In-utero, the fetal adrenal gland is disproportionally large. The fetal zone of the adrenal cortex secretes large amounts of DHEA;3 elevated levels of these pre-hormones can be measured in the newborn until late infancy (ie, 9–12 months).4 After birth the fetal zone involutes, and products of the adrenal ZR gradually decrease to low levels.4 Later in childhood, the adrenal cortex develops a definitive ZR.3 Once the ZR develops, it produces more measurable adrenal androgen precursors at approximately age 6 to 8 years, although precursor steroids may be detected in the urine at younger ages.2 Adrenarche is identified clinically as pubarche, which includes the presence of pubic and axillary hair, apocrine body odor, and acne.2
Adrenarche and gonadarche are two independent processes, and the trigger for adrenarche is unknown.1 Premature adrenarche is defined as the presence of pubertal levels of adrenal androgen precursors, traditionally before age 8 years in girls and 9 years in boys. Studies from the Pediatric Research in Office Settings Network have found that black girls and boys, on average, begin to show signs of pubarche 1 year or more before white children.5,6
If signs of gonadarche are also present, the patient does not have premature adrenarche, but rather precocious puberty.2
Premature adrenarche is more commonly seen in girls than boys, at a ratio of 9:1.7 Premature adrenarche is seen with increased frequency in children with certain medical histories or comorbidities. Low birth weight may be associated with increased DHEAS levels in childhood and early puberty.2 However, some studies have shown the incidence of premature adrenarche in children formerly small for gestational age to be equivalent to the general population.2,8 Children who were born preterm may continue to have elevated DHEAS levels into their twenties.2 Children with a history of brain injury have an increased risk of premature adrenarche or precocious puberty.9
Multiple studies have shown that children with premature adrenarche are often taller and heavier than their prepubertal peers.2,3 Overweight or obese children may have increased insulin-like growth factor-1 levels or advanced bone ages that do not portend abnormal stature or full-blown precocious puberty.3 Despite a reduced pubertal growth spurt, their adult height is within 2 standard deviations of their mid-parental height.2 The mean age of menarche for girls with premature adrenarche is no earlier than the general population.2
According to studies of girls in Spain, those with a history of premature adrenarche were more likely to develop functional ovarian hyperandrogenism (FOH) once they reached adolescence.2,8 This may be more prominent in overweight or obese youngsters. Symptoms of FOH include oligomenorrhea, hirsutism, acne, anovulation, and hormonal evidence of hyperandrogenism.2,7 These girls may be diagnosed with polycystic ovary syndrome if these symptoms persist for longer than 3 years after onset of menarche.7
The first symptom of premature adrenarche is typically the appearance of pubic or axillary hair.2 This is often accompanied by the development of apocrine body odor. Acne and increased skin sebum are also often noted.2 A step-by-step evaluation of a child presenting with these symptoms is summarized in Figure 1.
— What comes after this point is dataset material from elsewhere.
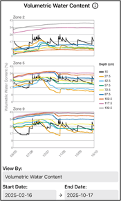 Why It’s Important: Volumetric water content is the basis for all of the plant available water metrics reported in this app. This information provides an important, but complex, perspective of water dynamics. It is an important perspective to understand soil profile differences and can be helpful in system diagnostics.

Algorithm for diagnosis of premature adrenarche and other forms of precocious puberty. Therapy for each condition is discussed in the text. Abbreviations: 17-OHP, 17-hydroxyprogesterone; DHEAS, dehydroepiandrosterone sulfate; E2, estradiol; FSH, follicle-stimulating hormone; HCG, human chorionic gonadotropin; LC-MS/MS, liquid chromatography/tandem mass spectroscopy; LH, luteinizing hormone; NCAH, nonclassic congenital adrenal hyperplasia, T, testosterone.
To be diagnosed with premature adrenarche, a child should not have signs of gonadarche, such as testicular enlargement or glandular breast development. Clinicians should perform an adrenal profile by the highly specific method of liquid chromatography/tandem mass spectroscopy (LC-MS/MS). The adrenal profile should consist of DHEAS, androstenedione, testosterone, and 17-hydroxyprogesterone (17-OHP) measured in an early morning (prior to 8 am) blood specimen, when these steroids are at their circadian peak. If the clinician is seeking to rule out central precocious puberty (CPP), follicle-stimulating hormone (FSH), luteinizing hormone (LH), and estradiol levels may also be measured, and a bone age X-ray should be performed. Central puberty commences with pulsatile secretion of gonadotropin-releasing hormone (GnRH) from the hypothalamus, the rise of FSH and LH from the anterior pituitary, and subsequent rise of estradiol and testosterone from the gonads.10 Endocrine specialty laboratories can provide hormone reference ranges for prepubertal children, which should guide the diagnosis of premature adrenarche and puberty. CPP can be diagnosed in the setting of bilateral testicular enlargement in boys, glandular breast development in girls, and an accompanying pubertal growth spurt.1 A bone age X-ray can identify pubertal bone age advancement.1 Children with premature adrenarche do not typically have bone age advancement, growth spurt, or pubertal range FSH and LH levels.9
It is critical to exclude other pathologic causes of androgen excess.3 These disorders include late-onset or nonclassic congenital adrenal hyperplasia (NCAH),3 genetic conditions such as familial male-limited precocious puberty, androgen-producing tumors in the gonads or adrenal glands, and exogenous androgen exposure.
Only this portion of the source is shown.